Bild: Reuters/G. Sposito

Revolution in der Kirche? Der Papst aus Argentinien hat das kirchliche Verfahren vereinfacht, um katholisch geschlossene Ehen zu annullieren. Viele sprechen schon von einer katholischen Scheidung.

Aber warum wundern sich nun so viele? Franziskus ist der Papst, der die Nähe zu den Menschen sucht. Den Apostolischen Palast hoch über dem Petersplatz verweigerte er als Domizil. Er blüht auf, wenn er Menschen am Rande der Gesellschaft nahe kommt - Flüchtlingen, Gefangenen, Kranken, Alten.

Franziskus sucht Nähe zu den Menschen

All das liegt ganz auf der Linie des Argentiniers Jorge Mario Bergoglio. Auch als Erzbischof von Buenos Aires suchte er die Nähe zu den Menschen, fuhr U-Bahn statt Limousine, ging zur jährlichen Fußwaschung in der Karwoche ins Gefängnis. Und er kannte die Seelennöte seiner Schäfchen. Der Erzbischof hörte auch regelmäßig die Beichte. Da macht ein Priester gewiss andere Erfahrungen als jene Geistlichen, die über viele Jahre im Zentrum der Weltkirche auf kirchliches Recht und überkommene Ordnung achten.

DW-Redakteur Christoph StrackBild: DW

Nun sucht dieser Papst, den man gewiss als fromm und auch als konservativ bezeichnen kann, nach einer Möglichkeit, Menschen einen weiteren Weg des Lebens in Glaube und Kirche zu bieten. Die entsprechenden Verfahren zur Annullierung einer gescheiterten Ehe sollen zügiger laufen und weniger aufwendig sein. In Deutschland kann so etwas, verbunden mit mehreren Instanzen, heute zwei oder auch mal drei Jahre dauern. Ein Aufwand, weil man kirchlich feststellen möchte, ob eine Ehe je als kirchlich gültige Ehe zu gelten hatte. Es bleibt auch künftig eine Ausnahme. Manche sagen: eine Hintertür.
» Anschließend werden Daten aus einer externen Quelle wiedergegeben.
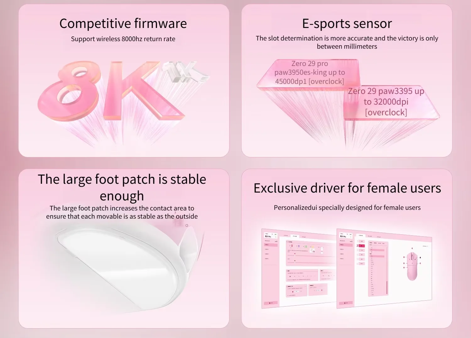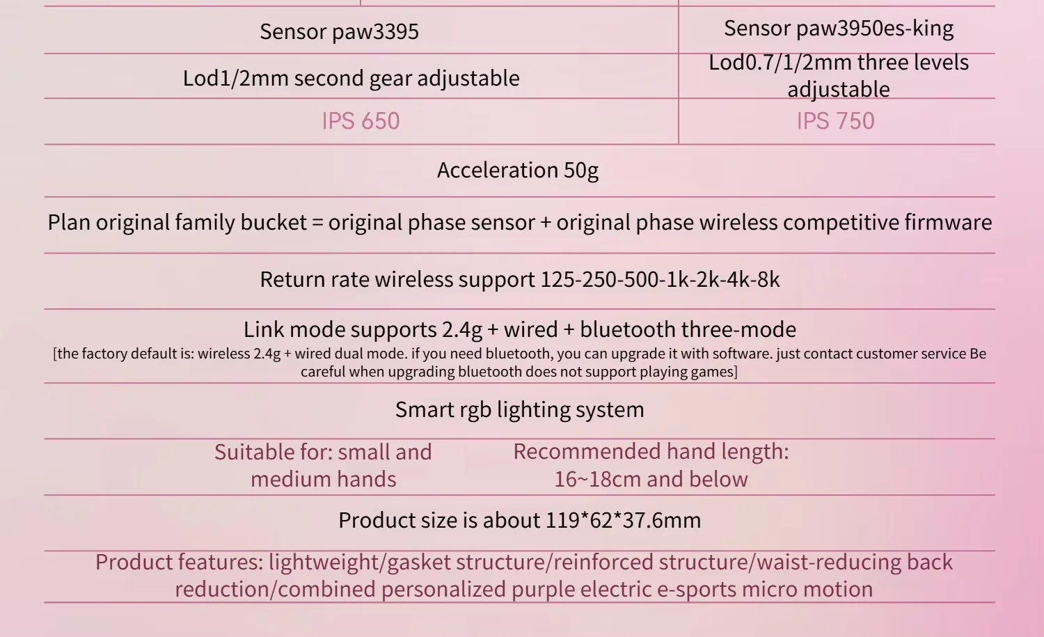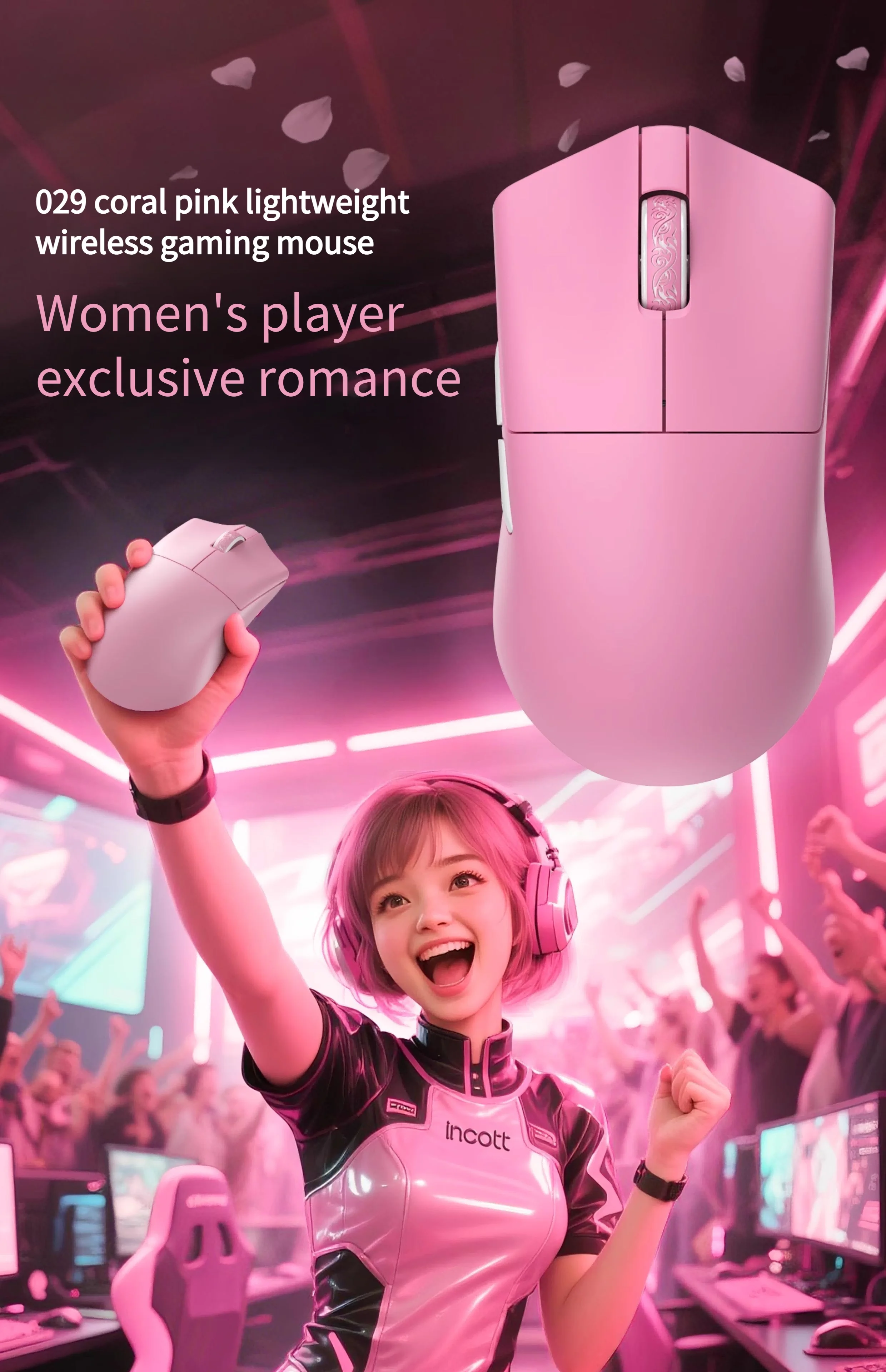 Product Features: Incott 029 Pro Mouse Lightweight 34G RGB Tri-mode PAW3950 45000DPI 750IPS Low Latency 8Khz Gaming Mouse for Girl/women Specifications: Model Incott 029 Pro Mouse Lightweight Box size
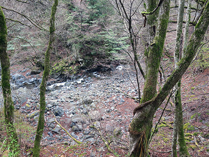 日向谷右岸尾根は取付にたどり着くまでが難儀。最初は三又(みまた)から酉谷の左岸を岩や倒木を乗り越えながらゴニョゴニョと歩き、やがて右岸の山肌に移ってグンと高度を上げた下げたりしながら上流へ上流へと踏み入っていきます。
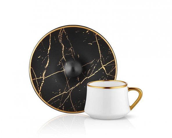 Koleksiyon Sufi Türk Kahve Seti 6lı Mermer Siyah Parlak Altın
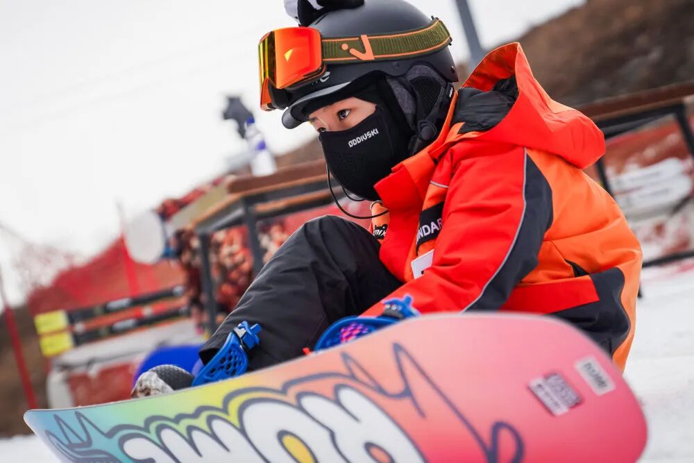 11月15日,在位于吉林省吉林市的中旅松花湖度假区,一名小朋友穿戴雪板。新华社记者 许畅 摄

"Barmherzigkeit": Dieser Begriff prägt immer mehr das im März 2013 begonnene Pontifikat von Franziskus. Er ruft ein Heiliges Jahr aus, das am 8. Dezember beginnt - unter dem Stichwort "Jubiläum der Barmherzigkeit". Im Juli 2016 reist er zum Weltjugendtag nach Krakau, eine Mega-Veranstaltung unter dem Oberbegriff Barmherzigkeit. "Es erbarmt ihn", heißt es gelegentlich im Neuen Testament von Jesus. Franziskus erinnert daran, dass die Kirche nicht nur für strenges Recht steht, sondern genau für diese Barmherzigkeit.

Putschgerüchte im Vatikan

Damit gibt er zum zweiten Mal binnen weniger Tage ein deutliches Signal. Zuvor sorgte er bei der Frage, wie Abtreibungen bei der kirchlichen Beichte einzuordnen sind, für Neuerungen. Nicht alles, was seine Vorgänger an rechtlicher Klarheit und strenger Dogmatik festgelegt haben, bleibt in Stein gemeißelt. Aber bei beiden Punkten weicht er keinen Deut vom Kern der Lehre ab: Eine katholisch geschlossene Ehe gilt als Sakrament und bleibt grundsätzlich unauflöslich.

Und Franziskus gibt auch Hinweise für die Synode rund um Sexualmoral und Familienpastoral. Eher begrenzte Schritte - wie beispielsweise die zügigere Abwicklung von Verfahren zur Eheannullierung - kann ein Papst selbst veranlassen. Dazu braucht er keine Synode. Konservative können das nun nicht mehr zur Verhandlungsmasse in der Synodenaula machen.

Von Putschgerüchten im Vatikan ist mittlerweile dunkel - und gewiss nicht ganz passend - die Rede. "Ist der Papst noch katholisch?" titelt das amerikanische Magazin "Newsweek". Klar ist: Strukturkonservative Kreise im Kurienapparat gehen auf Distanz. Aber wartet man nicht genau darauf nach all den vielen dunklen Jahren in Rom: dass ein Papst, dass dieser Papst für Wirbel sorgt? Eine Revolution wird es gewiss nicht werden.